Topic: Functional Overview of the Information Retrieval System

By

T. Nagendra

Assistant Professor

MCA DEPT

Vidya Jyothi Institute Of Technology

Hyderabad.

Functional overview of Information Retrieval System

An Information Retrieval System is a system that is capable of storage, retrieval, and maintenance of information. Information in this context can be composed of text, images, audio, video and other multi-media objects.

A Total Information Storage And Retrieval System Is Composed Of Four Major Functional Processes:

Item Normalization

Selective Dissemination of Information

Archival Document Database Search

Index Database Search Along With Automatic File Build (AFB).

The following figure shows the logical view of these capabilities in a single integrated information retrieval system. Boxes are used in the diagram to represent functions while disks represent data storage.

Item normalization:

The first step in any integrated system is to normalize the incoming items to standard format. Item normalization provides logical restructuring of the item. Additional operations during item normalization are needed to create a searchable data structure: identification of processing tokens, characterization of the tokens, and stemming of the tokens. The processing tokens and their characterization are used to define the searchable text from the total received text.

Standardizing the input takes the different external formats of input data and performs the translation to the formats acceptable to the system. One example of standardizing could be translation of foreign languages into Unicode such as iso-latin covers English, French, Spanish, etc. Having all of the languages encoded in to a single format allows for a single browser to display the languages and potentially a single search system to search them.

Multimedia adds an extra dimension to the normalization process. In addition to normalizing the textual input, the multi-media input also needs to be standardized. If the input is video likely digital standards will be mpeg-2, mpeg-1, avi or real media. In all cases for multimedia, the input source encoded to a digital format. The importance of using an encoding standard for the source that allows easy access by browsers is greater for the multimedia.

The second step in normalization is to parse the item into logical sub-divisions that have meaning to the user. This process is called “zoning”, is visible to to the user and used to increase the precision of a search and optimize the display. A typical can be sub-divided into zones such as title, author, abstract, main text, conclusion and references. The zoning information is passed to the processing token to identify the operation to store the information, allowing searches to be done for a specific zone. The user reviews the results on the screen once the search is completed. The display screen is a major limitation to view the results to decide the relevant items for the search by user. As the zoning will provide the abstract information for each result, the user can view more items relevant to the item he is searching.
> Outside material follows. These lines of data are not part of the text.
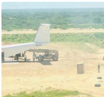
Opérations en Zones Isolées
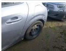
Aile ARG, Bosse(s), LI - Réparer et peindre (complet)
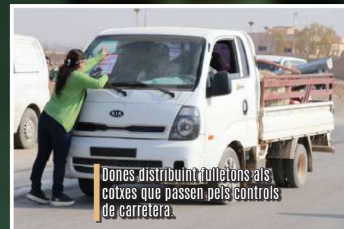
Dones distribuïnt fulletons als cotxes que passen pels controls de carretera.

La Civin veu la campanya com una forma de participació de persones de tot el món: «Veiem
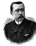
Jean Leo Testut
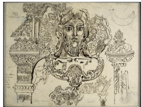
Tête de Jupiter sur fond ornementé Plume et encre noire, mine de plomb sur papier calque
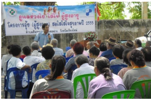
โครงการอู่สายตาใส่ใจสุขภาพ
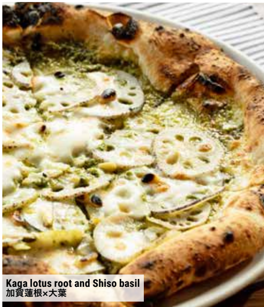
Kaga lotus root and Shiso basil 加賀蓮根×大葉
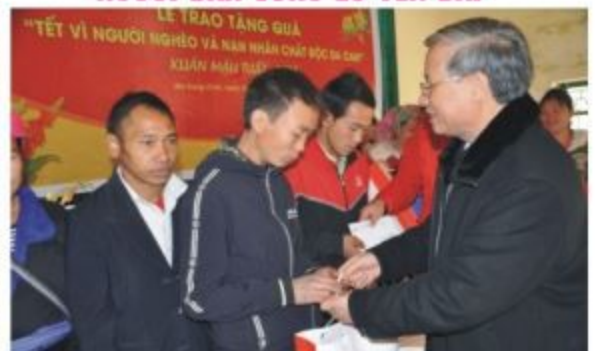
Đồng chí Trần Quốc Vương tặng quà đồng bào bị ảnh hưởng thiên tai tại Yên Bái

Nhân dịp Tết Nguyên đán Mậu Tuất 2018, đồng chí Trần Quốc Vương, Ủy viên Bộ Chính trị, Thành viên Thường trực Ban Bí thư, Chủ nhiệm Ủy ban Kiểm tra T.Ư đến thăm, chúc Tết và tặng quà các hộ gia đình nghèo, hộ bị ảnh hưởng do thiên tai trên địa bàn tỉnh Yên Bái trong chương trình trao quà "Tết vì người nghèo và nạn nhân chất độc da cam" do Hội Chữ thập đỏ Việt Nam tổ chức vào ngày 9/2 vừa qua.

The next step after zoning is identification of information (words) that are used in the search process need to be identified which is called as token processing. The first step in this process is determining a word. Systems determine words by dividing input symbols into three classes: valid word symbols, inter-word symbols and special processing symbols.

  • A word is defined as a contiguous set of word symbols bounded by inter-word symbols.
  • Inter-word symbols are nothing but blanks, periods and semicolons.
  • Special symbols are like hyphen which will have some special meaning depends on the language we are using.

Next, apply stop list/algorithm to the list of processing tokens. The objective of the stop function is to save system resources by eliminating from the set of searchable processing tokens those that have little value to the system. The highly precise nature of the words only found once or twice in the database reduce the probability of their being in the vocabulary of the user and the terms are almost never included in searches. Eliminating these words saves on storage and access structure complexities. The examples of Stop algorithm are:

  • Stop all numbers greater than ‘999999” (This was selected to allow dates to be searchable)
  • Stop any processing token that has numbers and characters intermixed.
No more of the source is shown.